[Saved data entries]
===
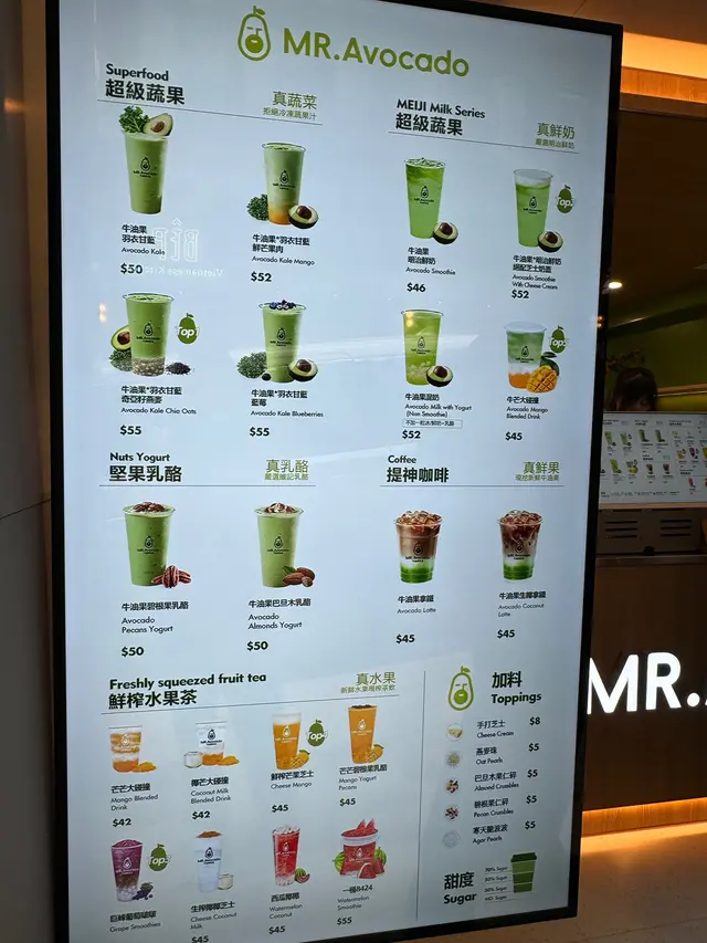 喺中環食完午餐嚟咗呢間專門賣牛油果飲品嘅舖頭買嘢飲,諗住健康啲🤣$52「牛油果羽衣甘藍鮮肉芒果 Avocado Kale Mango」:用咗一隻牛油果🥑,夠晒滑,有牛油果🥑清香,又有啲芒果味🥭,仲有啲羽衣甘藍味,少少甜,好飲🤣;仲有,原來牛油果🥑同芒果🥭係可以做好朋友嘅,可能羽衣甘藍有幫助增加佢哋之間嘅友誼🤣$45「牛芒大碰撞 Avocado Mango Blended Drink」:呢杯係正常甜味,夠晒甜,朋友話飲得人好開心🤣;都係嗰句,原來🥑同芒果🥭係可以做好朋友嘅🤣;另外,仲有啲煙煙韌韌好似蒟蒻嘅可以食🤣$55「牛油果*羽衣甘藍 奇亞籽燕麥Avocado Kale Chia Oats」:用咗一隻牛油果,好滑,有牛油果清香,又有好內斂嘅 羽衣甘藍味,少少甜,好飲🤣;仲有啲爆口嘅燕麥珠可以食🤣大部份飲品都可以揀 70% Sugar 或 50% 或 30% 或 No Sugar,咁可以嘅話我哋都係揀咗 30% 🤣…查看更多
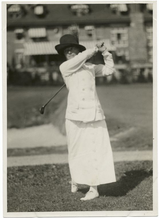 The 1920s marked a turning point in golf fashion. Restrictive corsets gave way to more forgiving undergarments. Women began wearing matching two-piece dresses with straight or pleated skirts, often complemented by cardigans or vests. However, hemlines remained below the knee, still limiting mobility on the course.
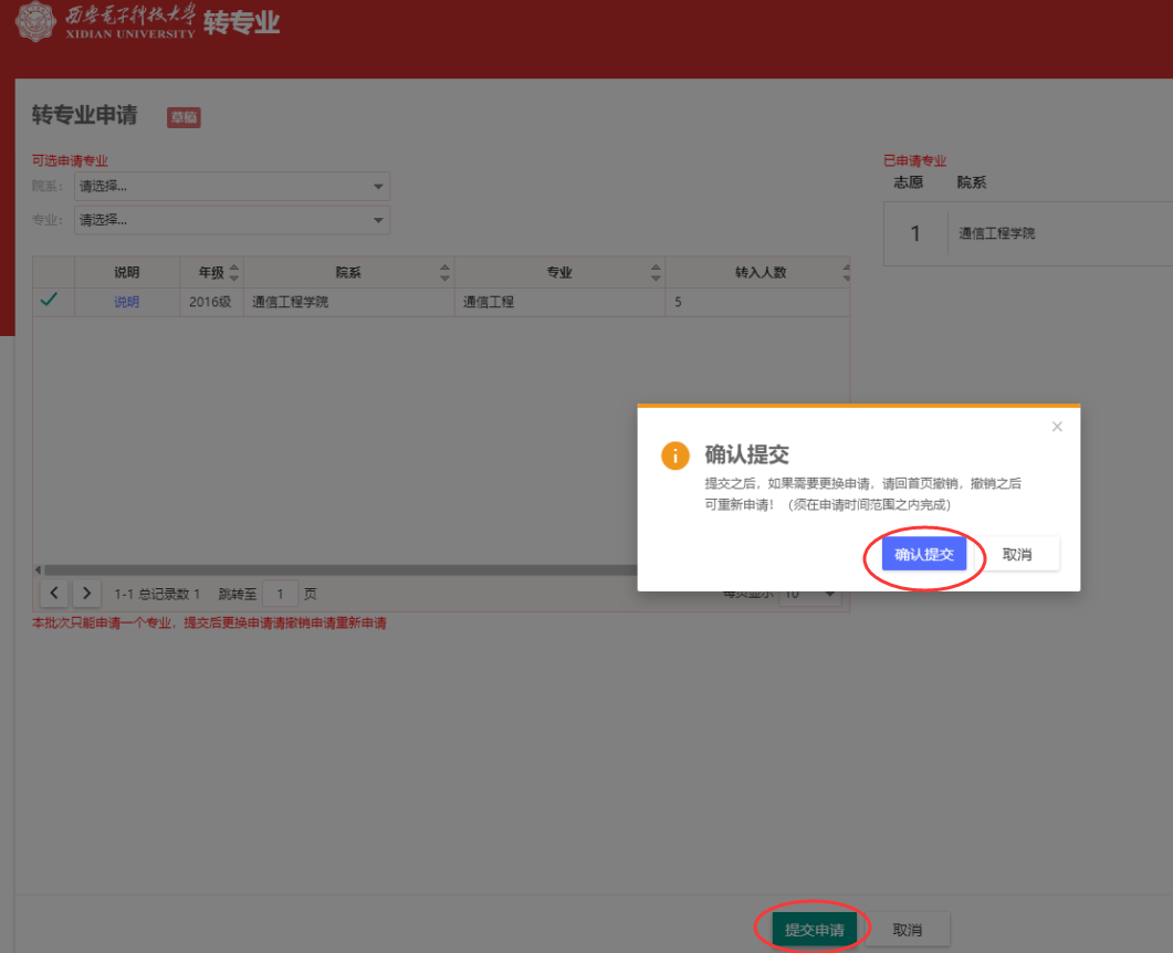 1.登录西电一站式网上办事大厅(ehall.xidian.edu.cn),点击教务系统—学籍毕业—转专业管理。
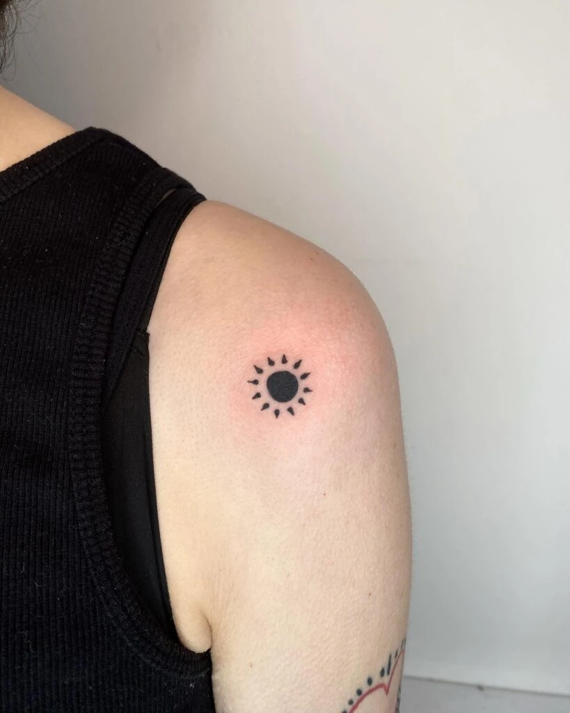 Minimalist Black Sun Shoulder Tattoo
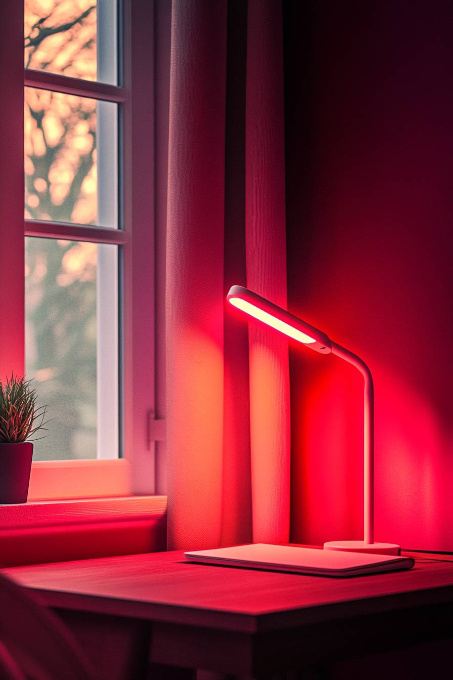 Product photography, interior scene with a desk lamp on the table, a simple desktop in dark red and pink tones, the desk lamp illuminating a notebook on top of the wooden furniture, a window on the side, the desk lamp casting a soft light, the product details are clear, a close-up view, a depth of field effect, high-resolution photography, indoor lighting, and a warm atmosphere. The overall color tone is mainly dark red and pink, creating an elegant style in the style of the artist. --ar 85:128 --iw 2 --v 6.1
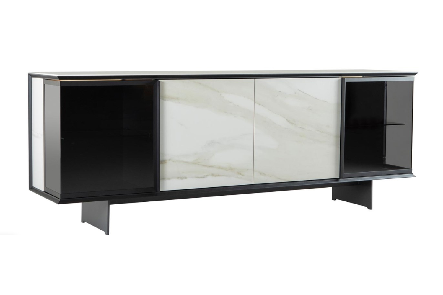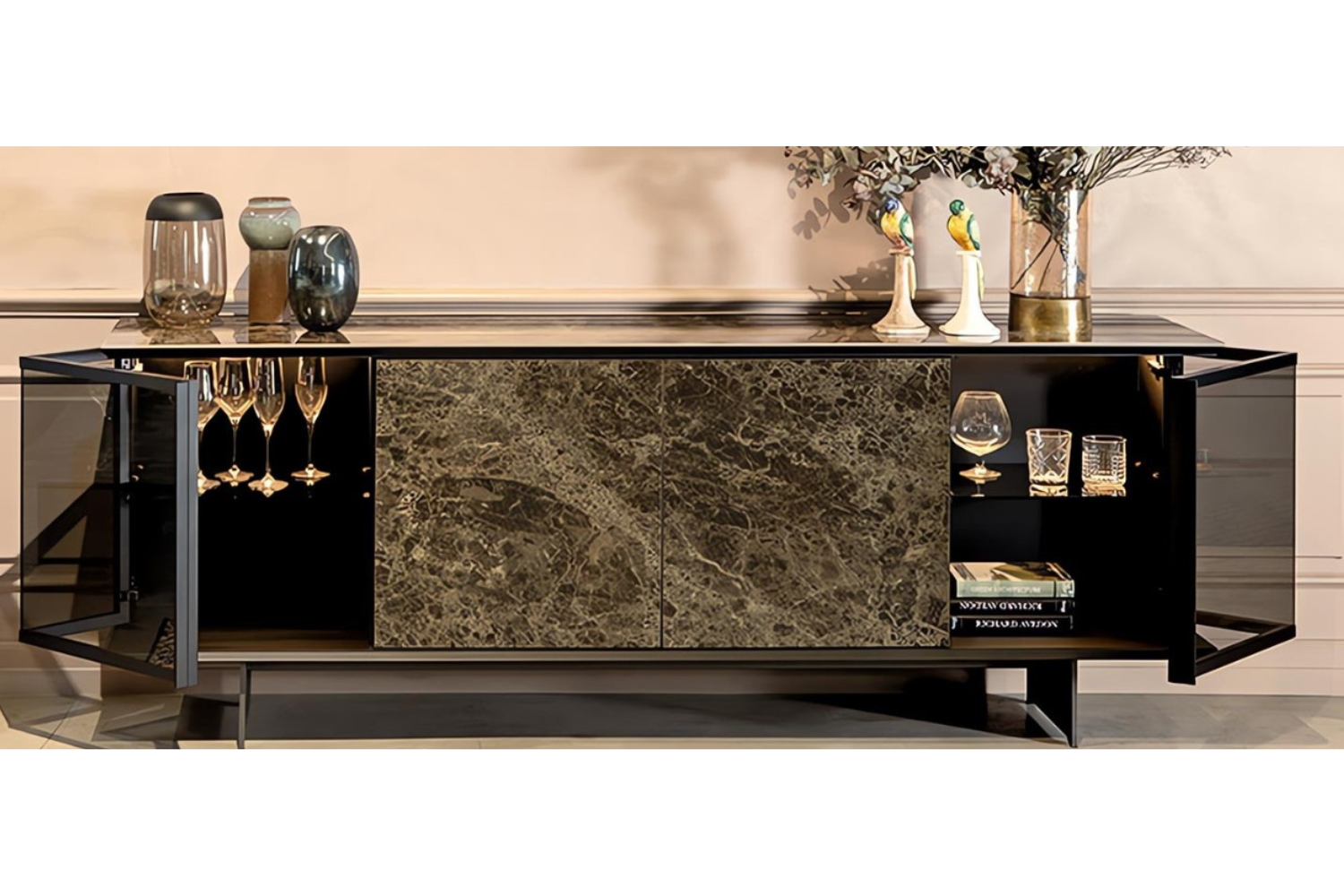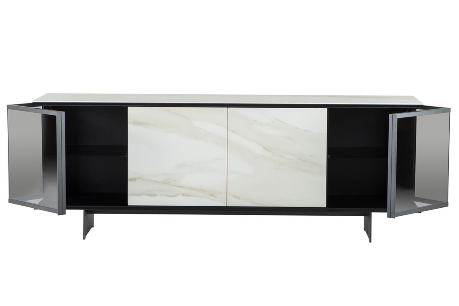 The Airy sideboard is the perfect blend of style and functionality for modern living. Its luxurious porcelain finish on the center doors, top, and half of the sides adds an elegant touch. Flanking these porcelain doors are two glass-compartmented sections that create a striking visual contrast. Use the hidden central compartment for personal items, while showcasing your more decorative pieces behind the glass doors for an aesthetically pleasing display. For an added touch, consider the optional LED light kit to beautifully illuminate your treasures
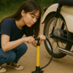 携帯電動空気入れが便利ですが、中華製なので耐久性が悪そうです。パナソニックのパナレーサーの空気入れは手動で小さいですが、カブならこれで入れられます。
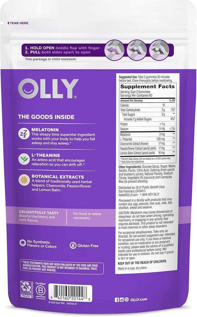 - OLLY SLEEP GUMMIES: Our Melatonin gummies, with L-Theanine and Botanical Extracts, work with your body to help you fall asleep and stay asleep*
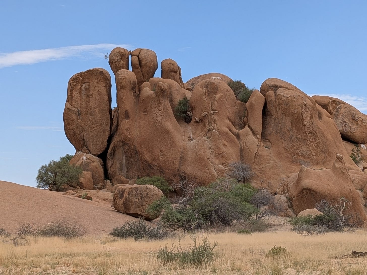 De la ocean am luat-o spre interiorul țării, spre un loc magic, ancestral. După un drum de aproximativ 2 ore am ajuns în Spitzkoppe, un loc de care m-am îndrăgostit pentru liniște, peisaje și apusuri. Spitzkoppe este un grup de vârfuri vechi de sute de milioane de ani, care răsar pur și simplu din nimic. Formele rotunjite ale stâncilor mi-au amintit de găluștele cu prune tăvălite prin zahăr brun. Zona este cunoscută atât pentru formațiunile stâncoase, cât și pentru picturile rupestre vechi de aproximativ 4.000 de ani.
===
TASK BRIEF: All of the data should be returned word for word, with each picture left out.

EXERCISE RESULT:
 喺中環食完午餐嚟咗呢間專門賣牛油果飲品嘅舖頭買嘢飲,諗住健康啲🤣$52「牛油果羽衣甘藍鮮肉芒果 Avocado Kale Mango」:用咗一隻牛油果🥑,夠晒滑,有牛油果🥑清香,又有啲芒果味🥭,仲有啲羽衣甘藍味,少少甜,好飲🤣;仲有,原來牛油果🥑同芒果🥭係可以做好朋友嘅,可能羽衣甘藍有幫助增加佢哋之間嘅友誼🤣$45「牛芒大碰撞 Avocado Mango Blended Drink」:呢杯係正常甜味,夠晒甜,朋友話飲得人好開心🤣;都係嗰句,原來🥑同芒果🥭係可以做好朋友嘅🤣;另外,仲有啲煙煙韌韌好似蒟蒻嘅可以食🤣$55「牛油果*羽衣甘藍 奇亞籽燕麥Avocado Kale Chia Oats」:用咗一隻牛油果,好滑,有牛油果清香,又有好內斂嘅 羽衣甘藍味,少少甜,好飲🤣;仲有啲爆口嘅燕麥珠可以食🤣大部份飲品都可以揀 70% Sugar 或 50% 或 30% 或 No Sugar,咁可以嘅話我哋都係揀咗 30% 🤣…查看更多
 The 1920s marked a turning point in golf fashion. Restrictive corsets gave way to more forgiving undergarments. Women began wearing matching two-piece dresses with straight or pleated skirts, often complemented by cardigans or vests. However, hemlines remained below the knee, still limiting mobility on the course.
 1.登录西电一站式网上办事大厅(ehall.xidian.edu.cn),点击教务系统—学籍毕业—转专业管理。
 Minimalist Black Sun Shoulder Tattoo
 Product photography, interior scene with a desk lamp on the table, a simple desktop in dark red and pink tones, the desk lamp illuminating a notebook on top of the wooden furniture, a window on the side, the desk lamp casting a soft light, the product details are clear, a close-up view, a depth of field effect, high-resolution photography, indoor lighting, and a warm atmosphere. The overall color tone is mainly dark red and pink, creating an elegant style in the style of the artist. --ar 85:128 --iw 2 --v 6.1
 The Airy sideboard is the perfect blend of style and functionality for modern living. Its luxurious porcelain finish on the center doors, top, and half of the sides adds an elegant touch. Flanking these porcelain doors are two glass-compartmented sections that create a striking visual contrast. Use the hidden central compartment for personal items, while showcasing your more decorative pieces behind the glass doors for an aesthetically pleasing display. For an added touch, consider the optional LED light kit to beautifully illuminate your treasures
 携帯電動空気入れが便利ですが、中華製なので耐久性が悪そうです。パナソニックのパナレーサーの空気入れは手動で小さいですが、カブならこれで入れられます。
 - OLLY SLEEP GUMMIES: Our Melatonin gummies, with L-Theanine and Botanical Extracts, work with your body to help you fall asleep and stay asleep*
 De la ocean am luat-o spre interiorul țării, spre un loc magic, ancestral. După un drum de aproximativ 2 ore am ajuns în Spitzkoppe, un loc de care m-am îndrăgostit pentru liniște, peisaje și apusuri. Spitzkoppe este un grup de vârfuri vechi de sute de milioane de ani, care răsar pur și simplu din nimic. Formele rotunjite ale stâncilor mi-au amintit de găluștele cu prune tăvălite prin zahăr brun. Zona este cunoscută atât pentru formațiunile stâncoase, cât și pentru picturile rupestre vechi de aproximativ 4.000 de ani.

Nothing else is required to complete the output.